Херсон Византийский
Шрифт:
Первым делом я вымыл руки и кинжал. Сразу стало легче. Выражение «умыть руки» для меня приобрело свой смысл. Поручив команде заниматься перевозкой на шхуну овец и коз, я поднялся по оврагу наверх, где остался на посту Гунимунд.
Он сидел на земле лицом к стоянке пастухов, прислонившись спиной к большому камню в начале спуска. На лице полная отрешенность. Я примостился рядом. Долго молчали.
– Впервые резал спящего, – вдруг признался я.
– Я тоже, – тихо молвил Гунимунд.
– У тебя лучше получалось, – похвалил я.
Он ничего не сказал, только сплюнул.
29
Овец
Мы вышли из гавани после захода солнца. Я наделся по светлому добраться до бухточки и посмотреть, не бродит ли там оставленная нами скотина? Всех забрать за один раз не смогли, хотя набили полный трюм, и по палубе трудно было протиснуться между баранами. Когда шли к городу, никто не направлялся к стаду со стороны осаждающих. Надеюсь, не раньше обеда обнаружили убитых и не успели собрать стадо, которое должно разбрестись.
Стемнело раньше, чем мы добрались до бухточки, поэтому проскочили ее. Возвращаться не стал, легче скот подогнать по пляжу. Вроде бы кто-то разгуливал по склону. Встали на якорь поближе к высокому берегу, чтобы скрывал нас, и меньше было грести до него. Приказал разбудить меня, как только начнет светать.
Алена чувствовала, что ночь прошла напряжно для меня. Догадывалась по трофеям, с чем это было связано, однако ничего не спрашивала. В сумках нашли из ценного тонкий золотой браслет в виде змеи и немного золотых и серебряных монет. Браслет подарил Алене, монеты предложил разделить, когда до конца разберемся со стадом, а всё остальное отдал готам и скифам. В постели набросился на жену, будто после годовой разлуки. Кончу, отдохну немного и опять лезу на нее. Запах крови врага – самый лучший афродизиак. Алена быстро взяла свое, а дальше только помогала мне и поглаживала рукой, будто успокаивала. Ее поглаживание я потом чувствовал и сквозь сон. Хорошая жена впитывает твою слабость, чтобы стать женственнее и сделать тебя мужественнее.
Проснулся я за миг до того, как в дверь каюты постучал Пифодот. Наверное, услышал его шаги. Я целый месяц бился, пока не приучил их не входить в каюту без стука и приглашения. Не знали они такой процедуры в принципе.
– Иду, – откликнулся я.
На баке уже звенела ключами Валя, открывая кладовку. Я повесил на нее замок, чтобы вино не исчезало. По берегу бродило несколько овец и коз. Бухточку закрывал мыс, не видно было, есть ди и там скот, но я не сомневался, что кого-нибудь найдем.

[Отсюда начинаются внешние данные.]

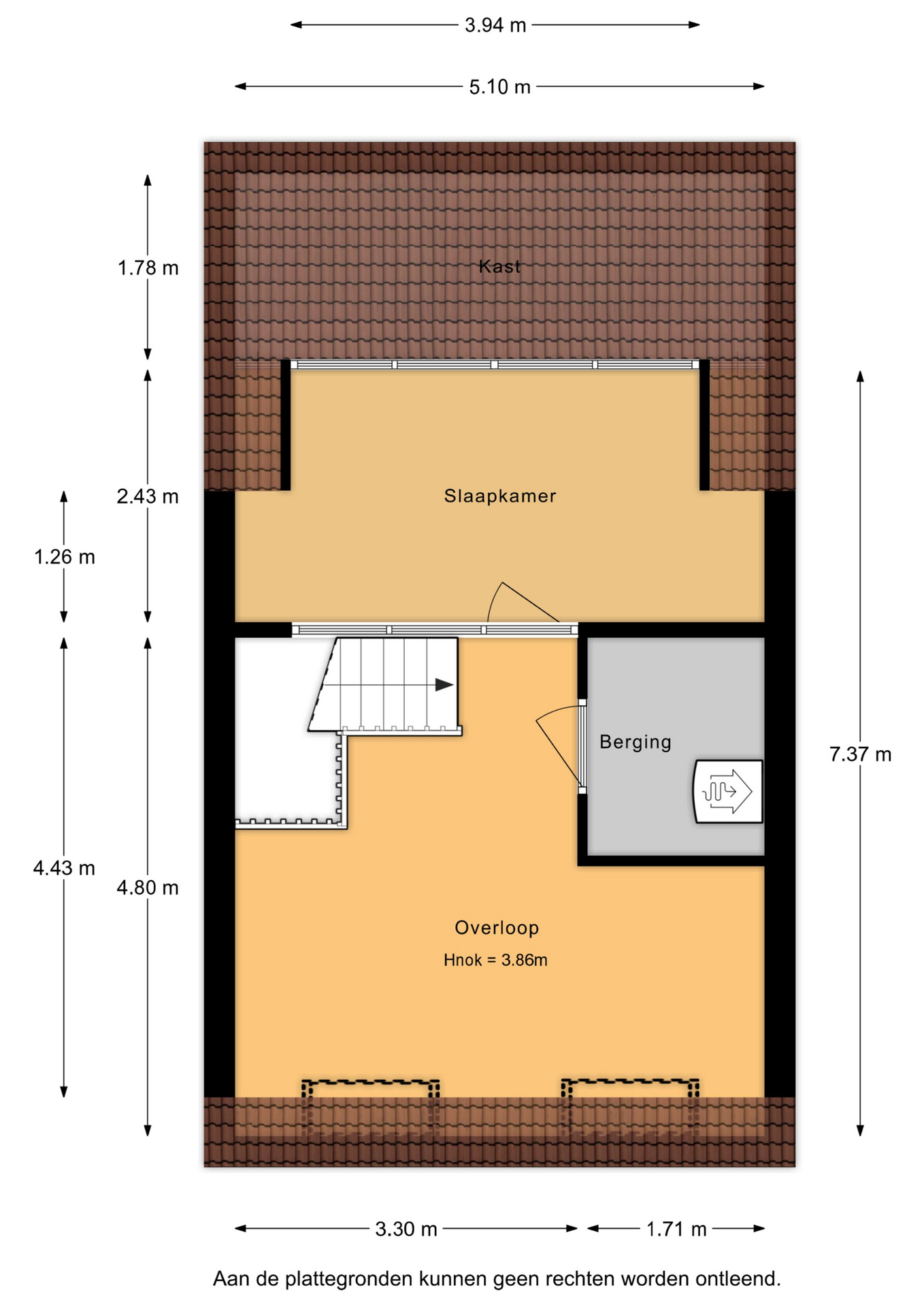 Aan de achterzijde bevindt zich een slaapkamer met een kunststof dakkapel over de volledige breedte. Achter de knieschotten is extra bergruimte aanwezig. Daarnaast is er een aparte technische-/wasruimte met de opstelling voor de wasmachine, warmtepomp en mechanische ventilatie.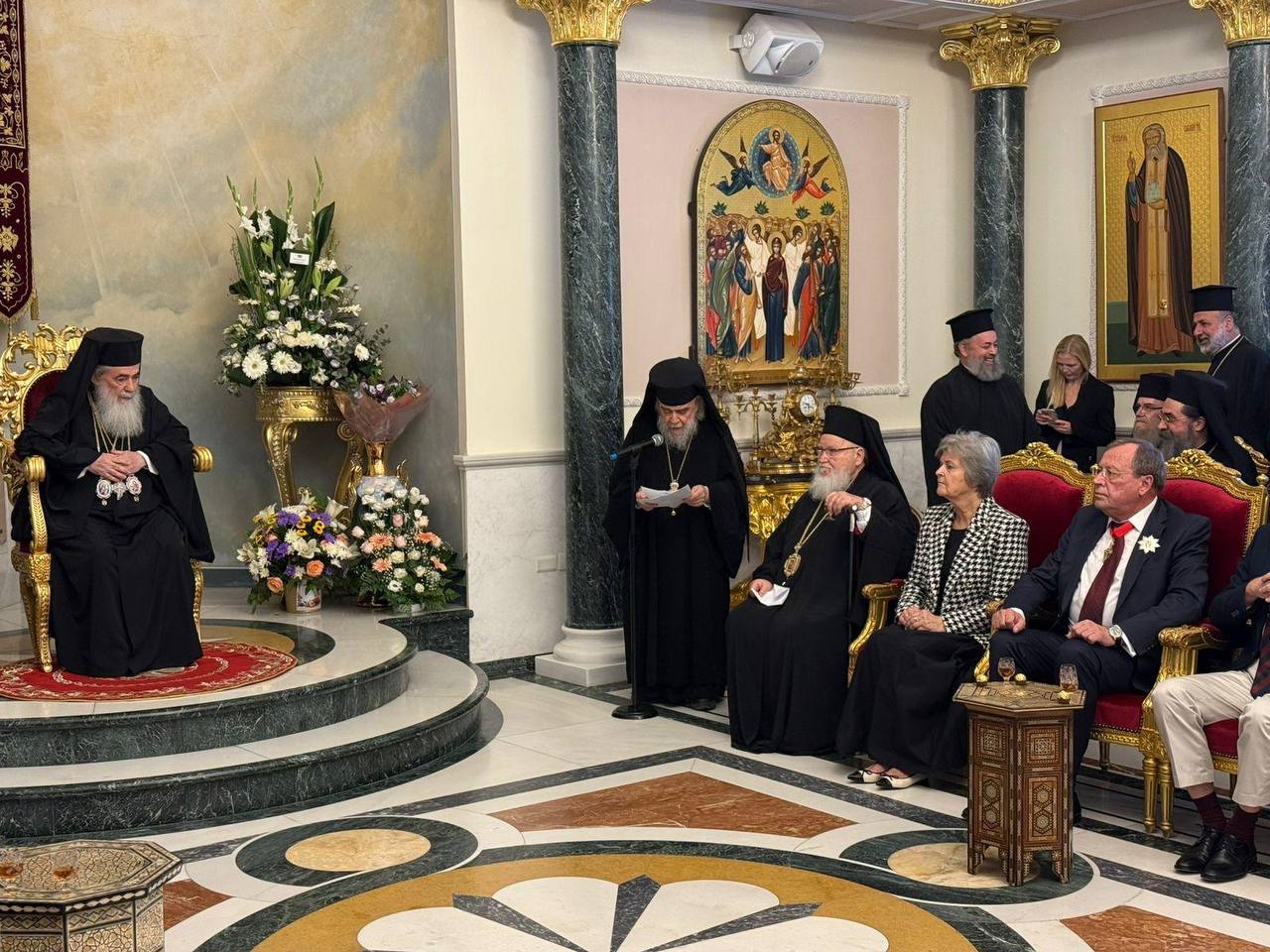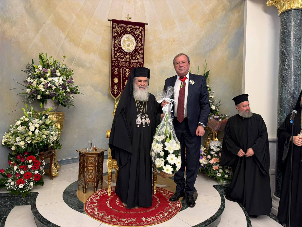 А.Д.Викторов, тепло и искренне поздравив Феофила III с годовщиной его интронизации, сообщил, что Указом Президента Российской Федерации от 17 ноября 2025 г. № 844 за большой вклад в укрепление дружбы, сотрудничества и духовных связей с Российской Федерацией Патриарх удостоен высокой государственной награды – ордена Дружбы.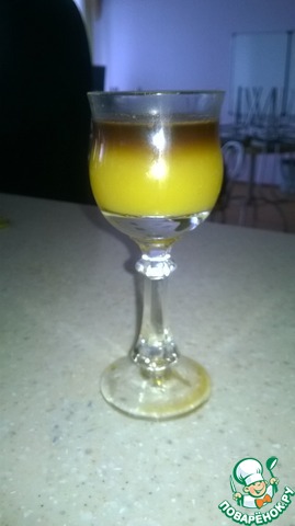 В стопку налейте 10 мл любого сиропа. Потом налейте 30 мл апельсинового сока и ложкой перемешайте.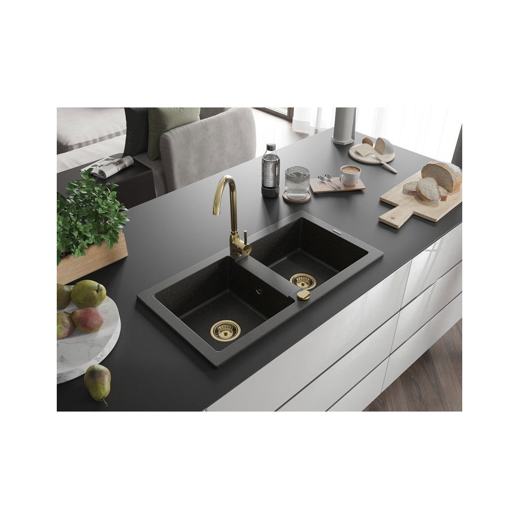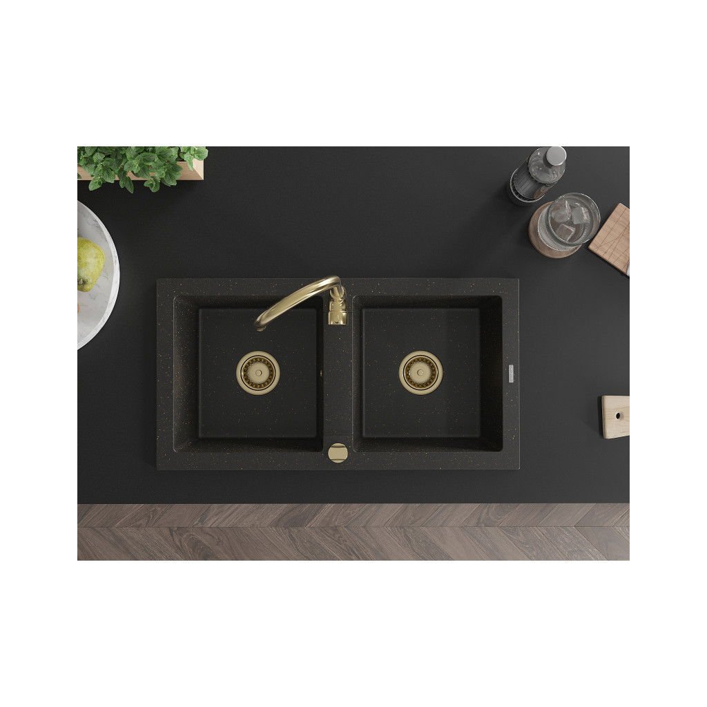 Mexen Mario, 2-komorový granitový dřez 82x44 cm s kuchyňskou baterií Telma, černá-zlatá, 6504-75-670200-50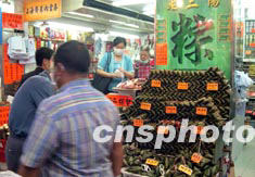 臨近端午節,香港店鋪擺滿了各式各樣的粽子,供顧客挑選。中新社傳真 譚達明 攝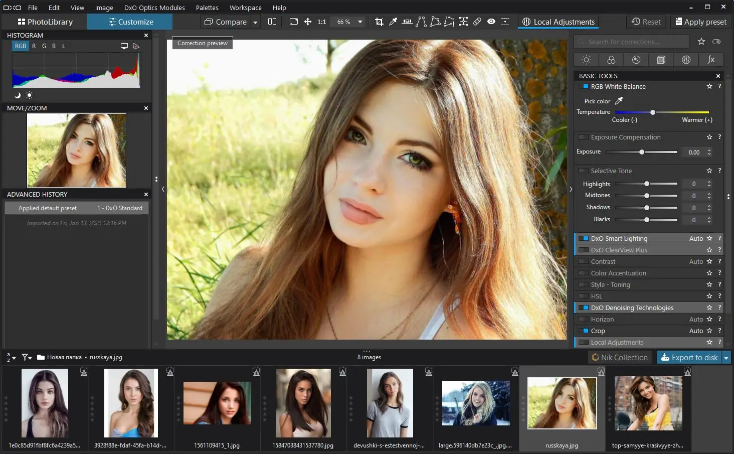 Работа в DxO PhotoLab организована через модульную систему коррекций, где каждая функция представлена отдельным блоком на боковой панели. Пользователь может последовательно применять настройки экспозиции, цвета, резкости, шумоподавления и оптических исправлений. Интерфейс позволяет переключаться между режимами просмотра до и после, а также настраивать прозрачность каждого эффекта. Пресеты можно создавать, редактировать и применять к другим снимкам, что ускоряет обработку серийных фотографий. Экспорт выполняется в нескольких форматах одновременно, включая JPEG, TIFF и DNG, с возможностью настройки размера, разрешения и профиля цветности.

Быстро взбив мыло в стаканчике, побрился. Не могу ничего делать, пока не побреюсь. Чувствую себя не в форме, будто еще не проснулся. Команда в это время завтракала холодным вареным мясом забитого вчера бычка, запивая вином, разведенным водой. На одну часть вина две части воды – так принято у херсонских греков, а может, и у остальных тоже. Валя и передо мной поставила глиняную тарелку с кусками мяса и лепешкой
– Геродор, Пифодот и Агафон остаются на борту, принимают скот; Семен и Хисарн – в шлюпке; Скилур, Палак, Ваня и Толя ловят и проводят овец и коз; мы с Гунимундом – в дозоре, – распределил я обязанности и напомнил: – Всем надеть шлемы и кольчуги и взять оружие.
Мы с Гунимундом поднялись по склону, пересекли основание мыса и заглянули в бухточку. Засады там не было, а вот скот пасся на склонах. Я махнул скифам и молодым росам, которые ждали у шлюпки, что можно начинать отлов домашних парнокопытных. Мы сели на вершине бугра, откуда открывался отличный обзор местности, положили рядом арбалеты. Солнце вставало позади нас, потихоньку нагревало спины. Значит, к обеду будет жарковато.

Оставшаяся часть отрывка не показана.